One method of combating overfitting is called regularization. Regularization modifies the objective function that we minimize by adding additional terms that penalize large weights. In other words, we change the objective function so that it becomes Error+λf(θ), where f(θ) grows larger as the components of θ grow larger and λ is the regularization strength (a hyper-parameter for the learning algorithm). The value we choose for λ determines how much we want to protect against overfitting. A λ=0 implies that we do not take any measures against the possibility of overfitting. If λ is too large, then our model will prioritize keeping θ as small as possible over trying to find the parameter values that perform well on our training set. As a result, choosing λ is a very important task and can require some trial and error.

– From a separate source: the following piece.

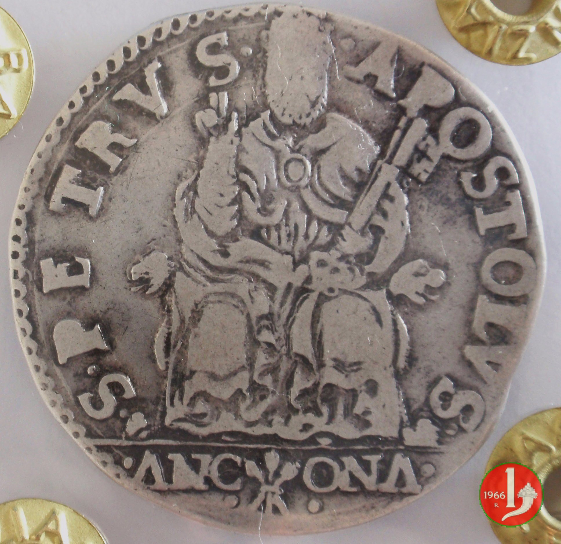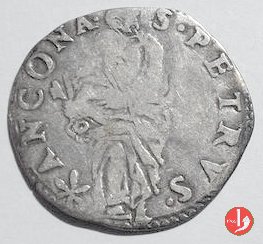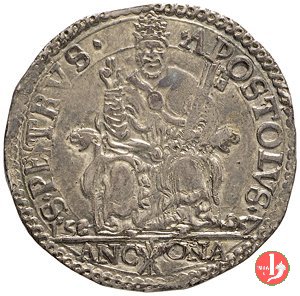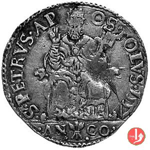 Giulio (con S.Pietro - II t.) Dritto: •PAVLVS •IIII •__ •PONT •MAX • /Stemma ovale in cornice a trafori e volute, sormontato da chiavi dec. e tiara Verso: •S •PETRVS •__ ![]() ANCONA • /S.Pietro, in piedi di fronte con chiavi nella destra tiene il libro aperto con ambo le mani appoggiato sul ginocchio destra, e con il piede destra su sgabello | |

The most common type of regularization is L2 regularization. It can be implemented by augmenting the error function with the squared magnitude of all weights in the neural network. In other words, for every weight w in the neural network, we add 1/2 λw^2 to the error function. The L2 regularization has the intuitive interpretation of heavily penalizing "peaky" weight vectors and preferring diffuse weight vectors. This has the appealing property of encouraging the network to use all of its inputs a little rather than using only some of its inputs a lot. Of particular note is that during the gradient descent update, using the L2 regularization ultimately means that every weight is decayed linearly to zero. Because of this phenomenon, L2 regularization is also commonly referred to as weight decay.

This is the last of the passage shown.